- What you need to do -
These records contain pictures, which must be left out; copy exactly the lines from the one with "Hier finden Sie" up to and including the one with "Từ 6 tháng tuổi".

- Input for this task -

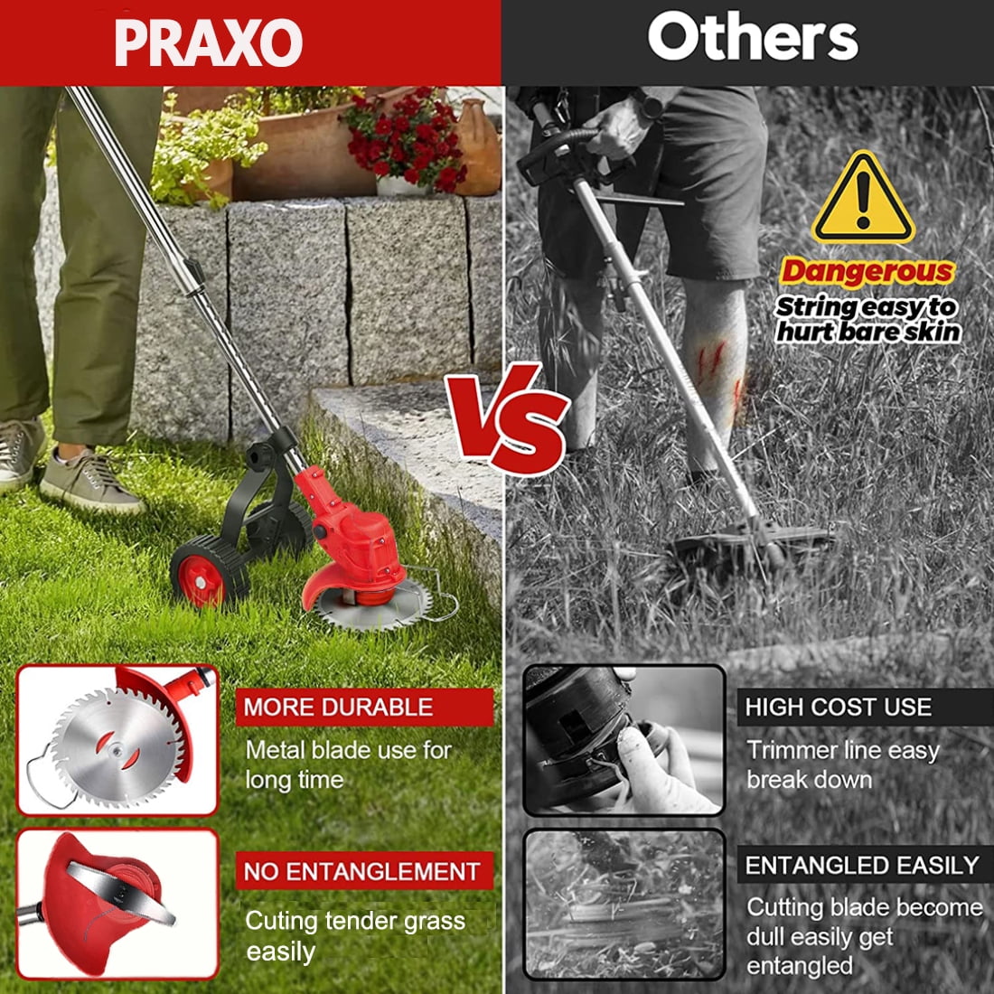 PRAXO Cordless Weed Wacker 3-in-1 Brush Cutter Grass Trimmer with Upgraded Wheels,21V Electric Weed Eater 2000mAh Battery Powered, String Trimmer Edger Lawn Tool for Garden UPGRADED WHEELS: 1. Adjust direction of small buckle to adjust the wheel angle 2. The triangular structure of the stand is more stable, ensuring that it can work in the most complex environments. 3. Wider tires allow you to push the weed eater more smoothly. 4.90°adjustable machine head for easy cutting at hard to reach areas. Easy to use, stable, efficient and quick. Ergonomics: comfortable auxiliary handle for easy handling Specification: Power input: 21V No load speed: 18000 RPM Working Speed: 8500 RPM Battery type: 2000mAh Lithium Battery Charging time: 2 hours/ per battery Dimensions: 35 x 5.9 x 5.9 inches Package include: 1x weed whacker 2x 24V rechargeable Li-Ion battery 1x charger 1x 6″ saw blade 2x metal blades 5x plastic blades 1xwheels 2x rotating wrenches 1x pair of non-slip gloves 1x pair of safety glasses 1x user manual
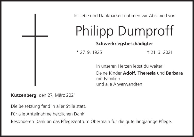 Hier finden Sie alle Traueranzeigen aus der Zeitung, die bisher für Philipp Dumproff erschienen sind. Weitere Traueranzeigen, die in der Zeitung erscheinen, werden hier ebenfalls aufgelistet
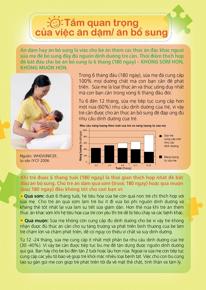 Từ 6 tháng tuổi trở đi, mặc dù sữa mẹ vẫn đóng vai trò rất quan trọng cung cấp năng lượng và các chất dinh dưỡng cho trẻ, nhưng không thể đáp ứng đủ tổng mức năng lượng cần cho sự phát triển của trẻ, vì vậy ngoài sữa mẹ cần cho trẻ ăn bổ sung.
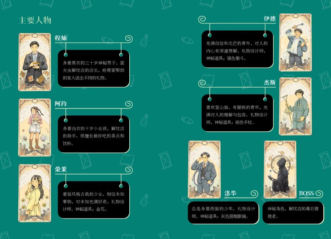作者晏菁还在故事里埋了彩蛋:萤火虫解忧店里的礼物设计师,分别代表着不同的心理学流派。这一点从设计师的名字就可以窥见端倪,如:伊德、荣茉分别对应的是精神分析流派的西格蒙德·弗洛伊德、卡尔·荣格;杰斯对应的是人本主义流派的卡尔·罗杰斯;洛华对应的是行为主义流派的约翰·华生……
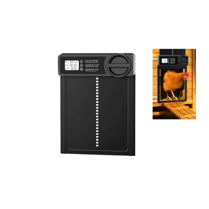 - Integrovaný senzor detekuje objekty v oblasti dverí a zastaví proces zatvárania, aby zabránil zraneniu sliepok
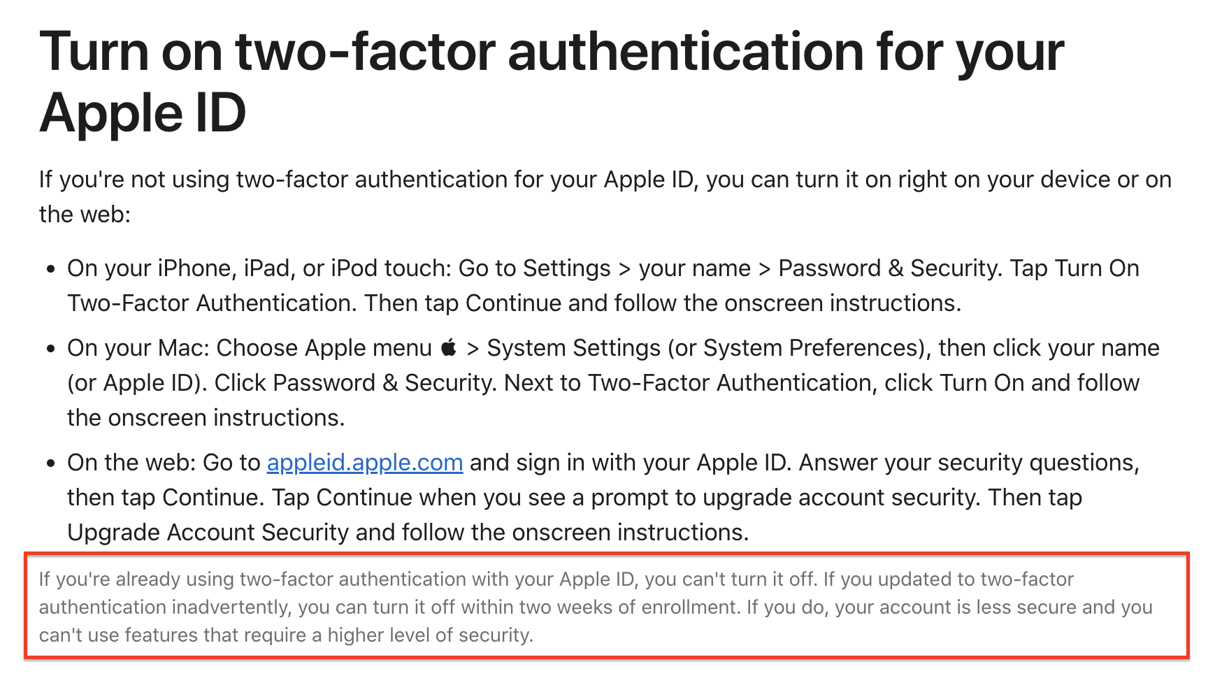 1. 해지를 못한다: 이미 당신의 애플 ID가 2단계 인증을 사용하고 있다면, 해당 기능을 끌 수 없습니다.
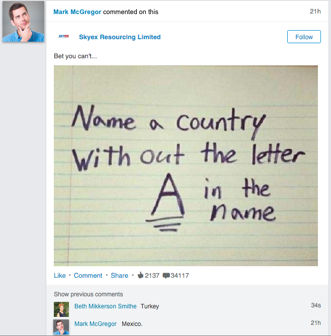 STAMFORD, CT — Mark McGregor, an advertising executive with Pushpin Media, absolutely fucking nailed his comment on a LinkedIn post earlier this week. “It was exhilarating,” McGregor said in a phone interview. “I was just sitting there scrolling through my LinkedIn feed looking for sales leads and inspirational business quotes and there it was taunting me.” The post, provided by UK-based staffing firm Skyex Resourcing, asked LinkedIn users to name a country without the letter A in its name. McGregor could not recall exactly how long it took him to figure out a name. “I kept going through so many, China, Russia, Columbia, Belarus, and I was like there is no country without an A! But then it totally hit me! Mexico! Mexico doesn’t have an A in it! I felt such a rush as a I typed it in and slammed the return key. It was way better than getting an Outperform on my performance review!” McGregor yelled. When asked if any of the previous 34,000 comments may have provided inspiration, McGregor denied it saying, “Nah man, that shit was all me. I crushed it.”
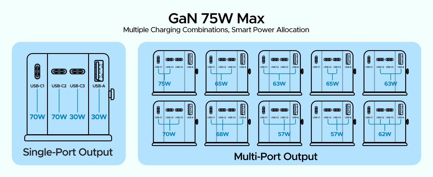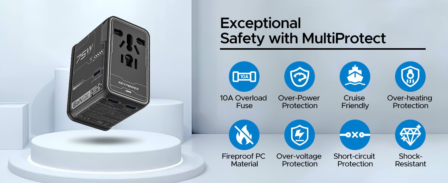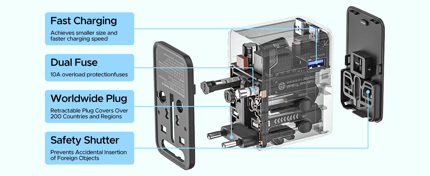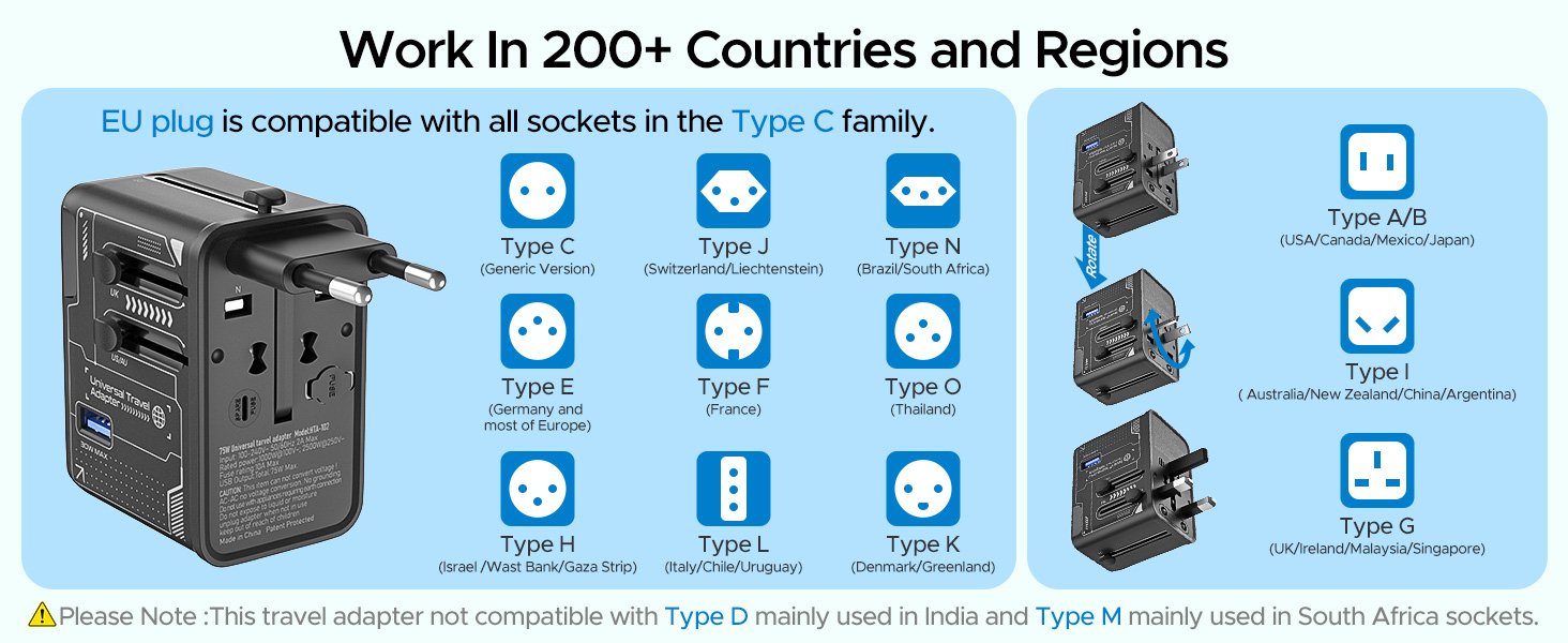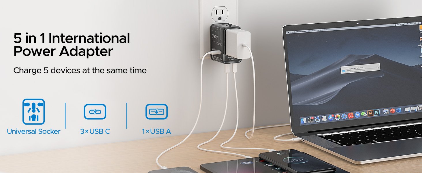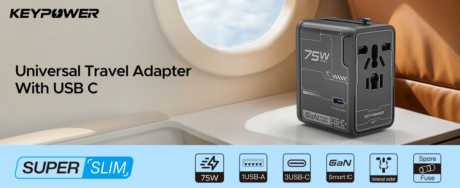 Universal Travel Adapter, 75W GaN International Power Adapter with 3 USB C and 1 USB A, All in One Travel Plug Adapter, Worldwide Outlet Wall Charger Converter for EU US UK AU 200+ Countries.

- Output -
 Hier finden Sie alle Traueranzeigen aus der Zeitung, die bisher für Philipp Dumproff erschienen sind. Weitere Traueranzeigen, die in der Zeitung erscheinen, werden hier ebenfalls aufgelistet
 Từ 6 tháng tuổi trở đi, mặc dù sữa mẹ vẫn đóng vai trò rất quan trọng cung cấp năng lượng và các chất dinh dưỡng cho trẻ, nhưng không thể đáp ứng đủ tổng mức năng lượng cần cho sự phát triển của trẻ, vì vậy ngoài sữa mẹ cần cho trẻ ăn bổ sung.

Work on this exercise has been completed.